# [Input]
■ ■ ■ ■ ■ ■ ■
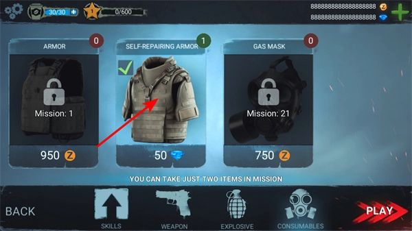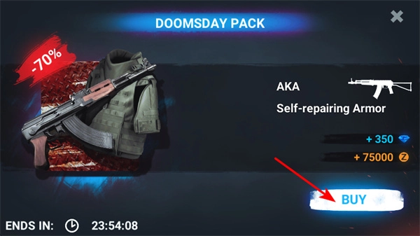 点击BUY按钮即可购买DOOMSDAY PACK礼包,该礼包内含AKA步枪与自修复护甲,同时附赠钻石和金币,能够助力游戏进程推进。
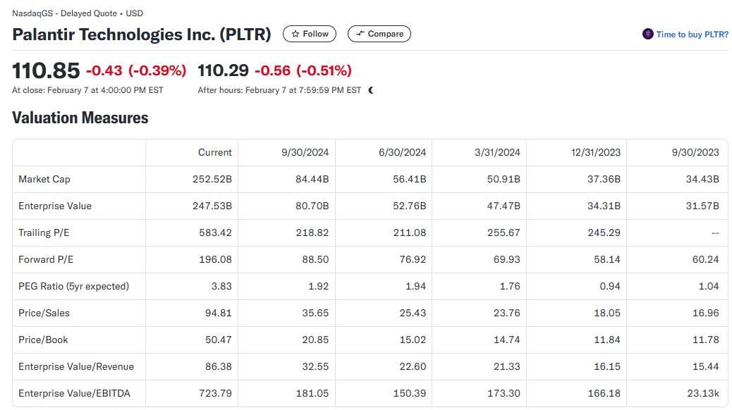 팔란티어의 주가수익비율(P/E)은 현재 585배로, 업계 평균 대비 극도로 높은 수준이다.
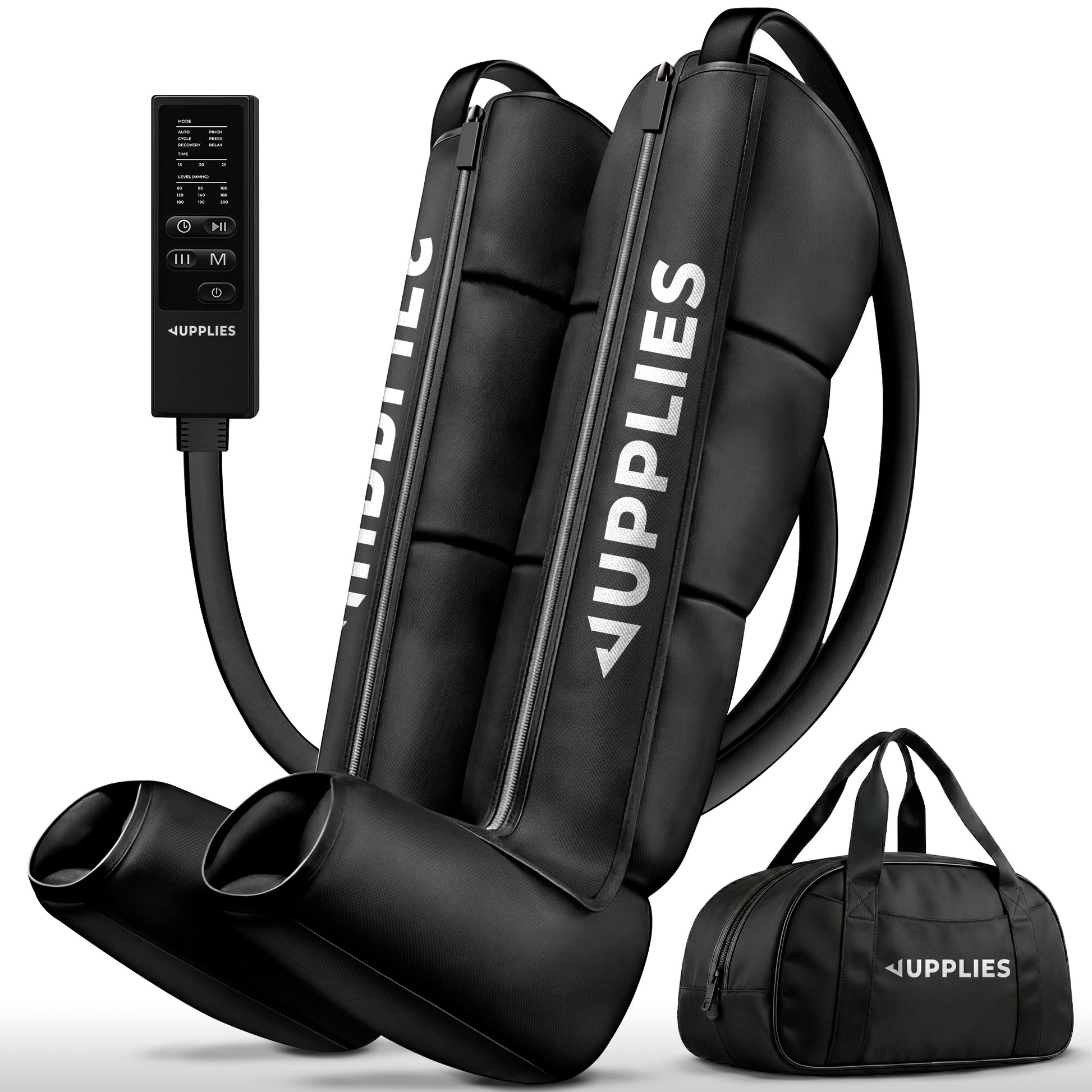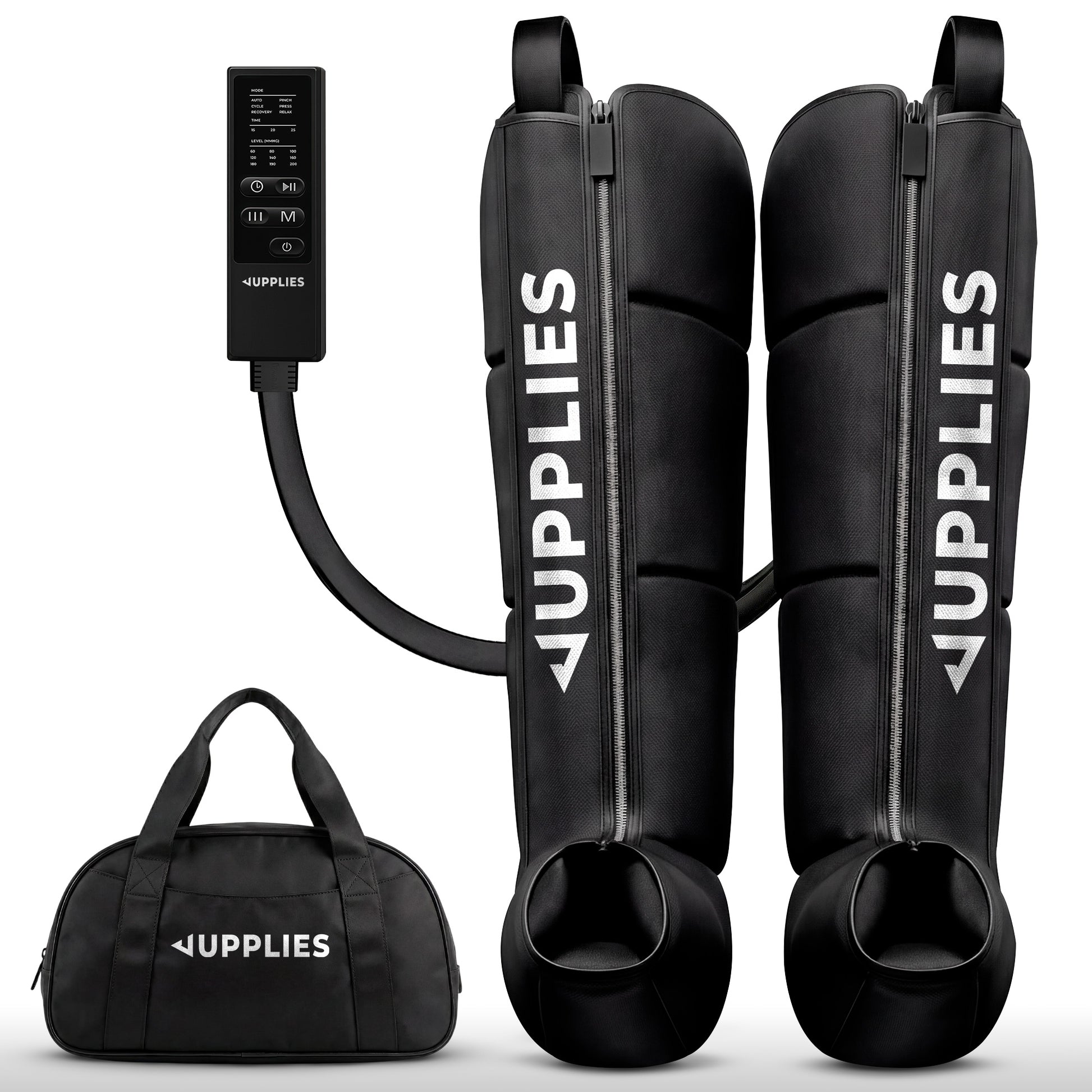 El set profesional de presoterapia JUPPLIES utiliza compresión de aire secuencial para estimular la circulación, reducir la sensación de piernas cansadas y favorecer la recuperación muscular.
■ ■ ■ ■ ■ ■ ■
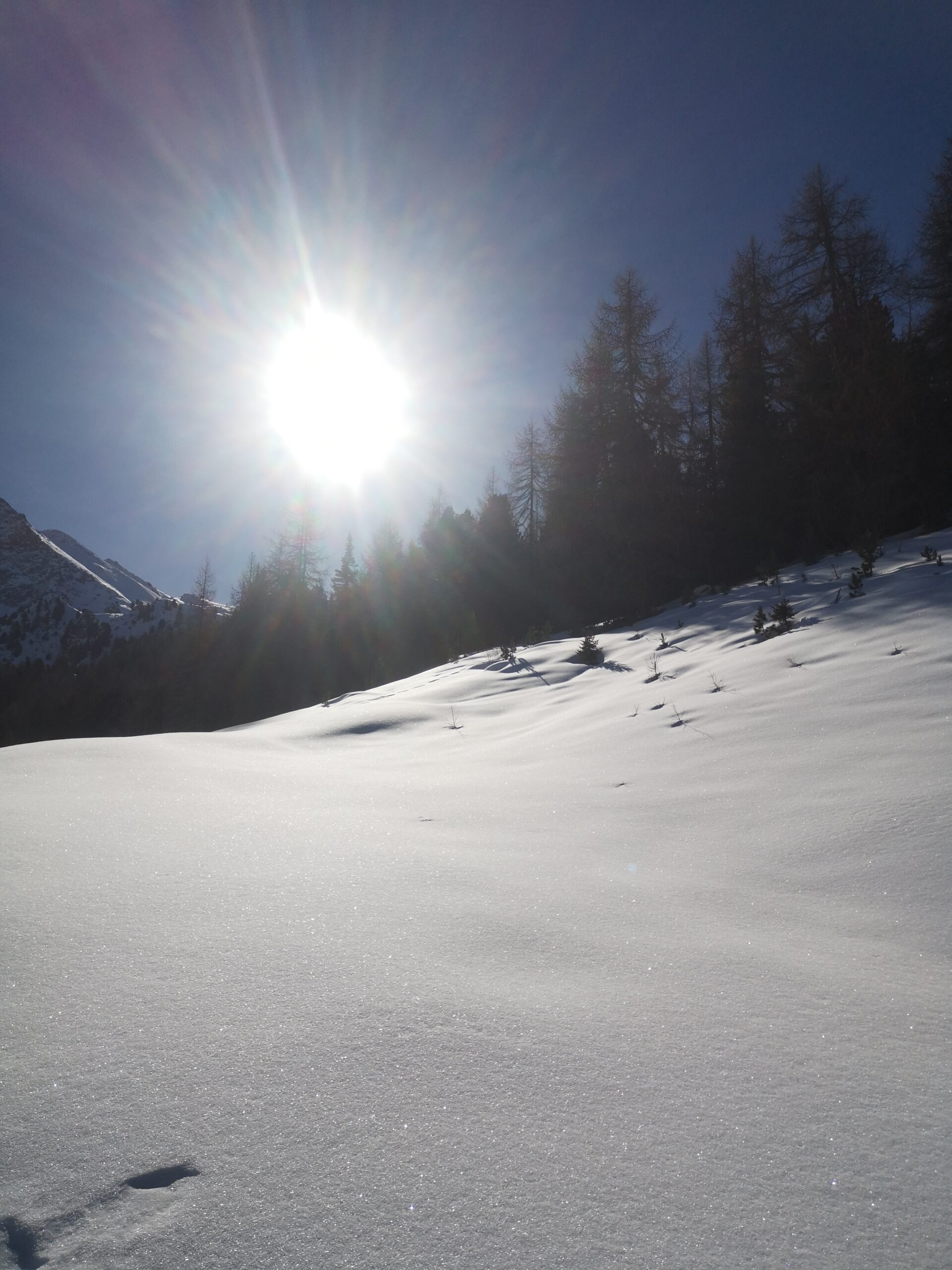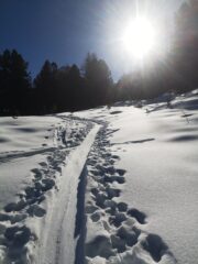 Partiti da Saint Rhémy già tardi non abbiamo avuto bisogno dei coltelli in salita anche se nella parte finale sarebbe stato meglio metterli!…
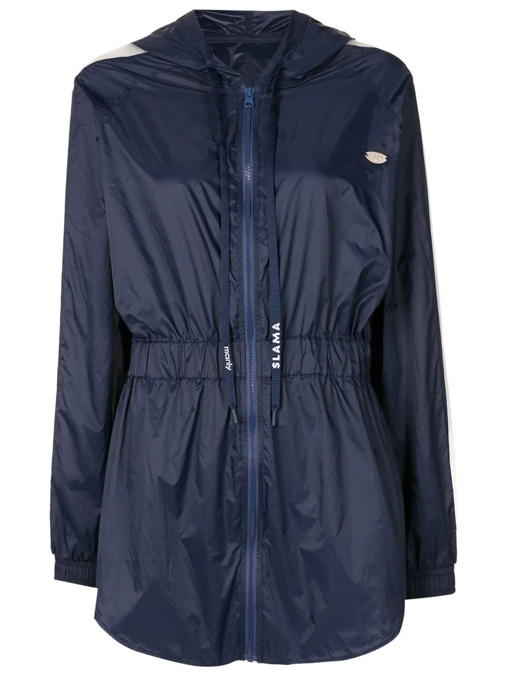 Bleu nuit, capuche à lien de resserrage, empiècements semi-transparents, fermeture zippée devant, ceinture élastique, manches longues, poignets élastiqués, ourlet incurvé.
■ ■ ■ ■ ■ ■ ■
# [Task objective]
In the listing above, find the line containing "Partiti da Saint" and the line containing "Bleu nuit, capuche"; print those lines and every line between them exactly, leaving out pictures.

# [Answer to this task]
 Partiti da Saint Rhémy già tardi non abbiamo avuto bisogno dei coltelli in salita anche se nella parte finale sarebbe stato meglio metterli!…
 Bleu nuit, capuche à lien de resserrage, empiècements semi-transparents, fermeture zippée devant, ceinture élastique, manches longues, poignets élastiqués, ourlet incurvé.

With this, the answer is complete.